Lowell paused to consider this. “Look around for anything that might tell us why that rogue would be paid to bring Longfellow’s proofs here.”

Fields began to say something in response, but a garbled shout and heavy footfalls careened through the house. Lowell and Fields exchanged looks of horror, then scrambled for their lives.

Burglary!” The side door into the library was flung open and a squat man in a wool dressing gown came charging in. “Burglary! Account for yourselves or I cry ‘Burglary!’ “

The man thrust his strong lantern forward, then paused in shock. He glared as much at the cut of their suits as their faces.

“Mr. Lowell? That you? And Mr. Fields?”

“Randridge?” cried Fields. “Randridge, the tailor?”

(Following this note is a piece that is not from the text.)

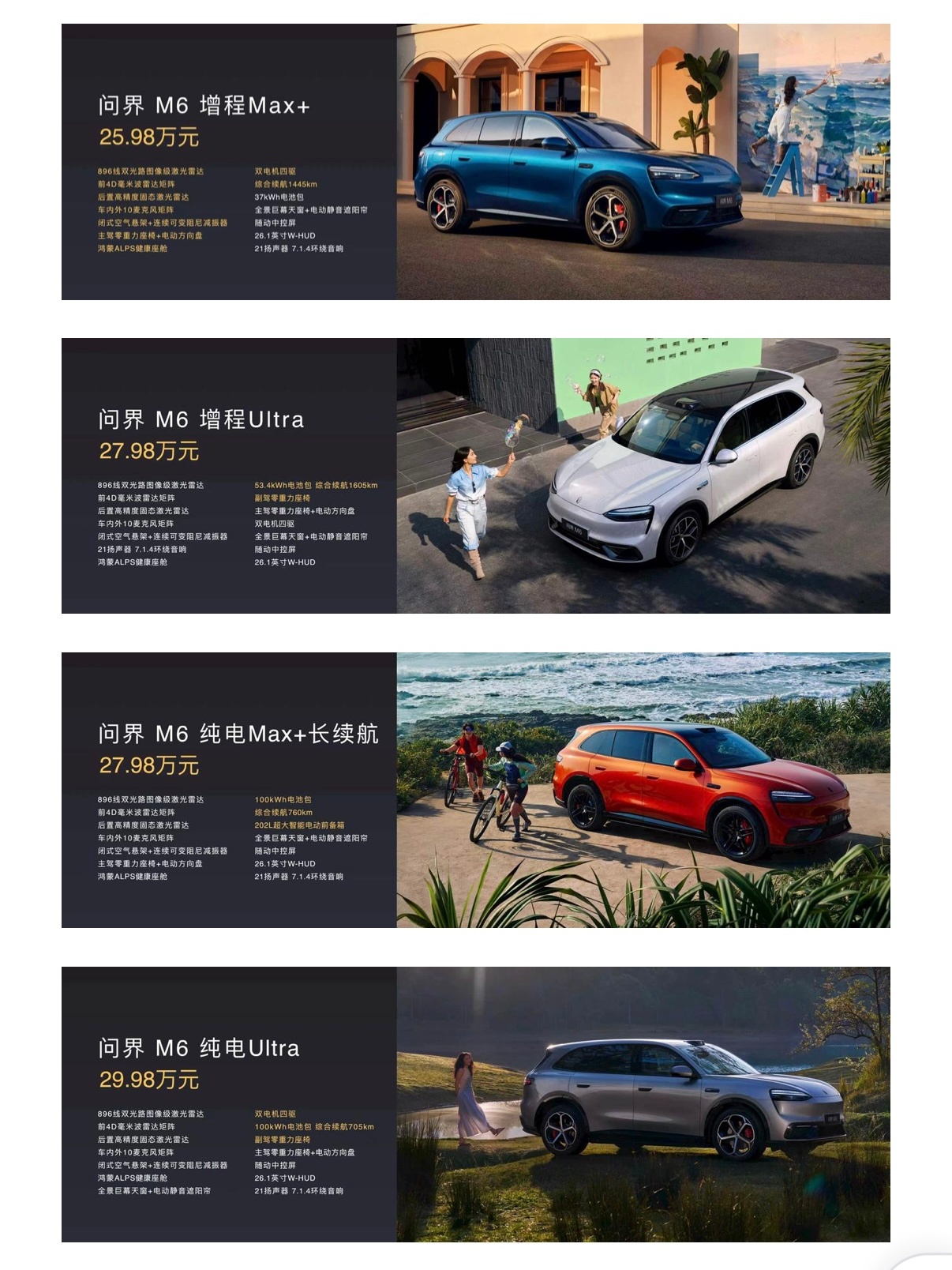刚刚结束的鸿蒙智行春季发布会,问界M6正式上市,25.98万起。主打安全。十一横十一纵车身,16处2000MPa热成型钢,乘员舱近一半都是热成型材料。双C环结构扭转刚度提升133%,门框加强15%——这几个数字说明一个问题:这台车的安全预算花得很实在。主动安全更狠。全系乾崑ADS 4.1,36个传感器,896线激光雷达120km/h能连续避障。这次提了个“防御性辅助驾驶”的概念,不是撞了才反应,是提前预判规避。还有个细节,前后备箱、踏板、座椅、屏幕这些活动部件全做了三重防夹冗余。安全不只是碰撞那一刻的事,日常也得管。今晚的发布会信息量很大,智界V9已开启小订,全新一代问界M9也在路上了。鸿蒙智行发布会

“Why, yes,” Randridge answered shyly, shuffling his slippered feet.

Longfellow, having run inside, traced the commotion to the room.

“Mr. Longfellow?” Randridge fumbled off his sleeping cap.

You live here, Randridge? What were you doing with those proofs?” Lowell demanded.

Randridge was bewildered. “Live here? Two houses down, Mr. Lowell. But I heard some noise, and thought to check on the house. I feared there was looting afoot. They haven’t boxed up and removed everything. Haven’t quite gotten to the library, you can see.”

Lowell asked, “Who hasn’t removed everything?”

“Why, his relatives, of course. Who else?”

Fields stepped back and waved his light over the bookshelves, his eyes doubling at the inordinate number of Bibles. There were at least thirty or forty. He dragged out the largest one.

Randridge said, “They’ve come from Maryland to clear out his belongings. His poor nephews were terribly unprepared for such a circumstance, I can tell you. And who wouldn’t be? At all events, as I was saying, when I heard noises, I thought some fellers might be trying to make away with some souvenir—you know, for the sensation of it. Since the Irish began moving into the neighborhood… well, things have been missed.”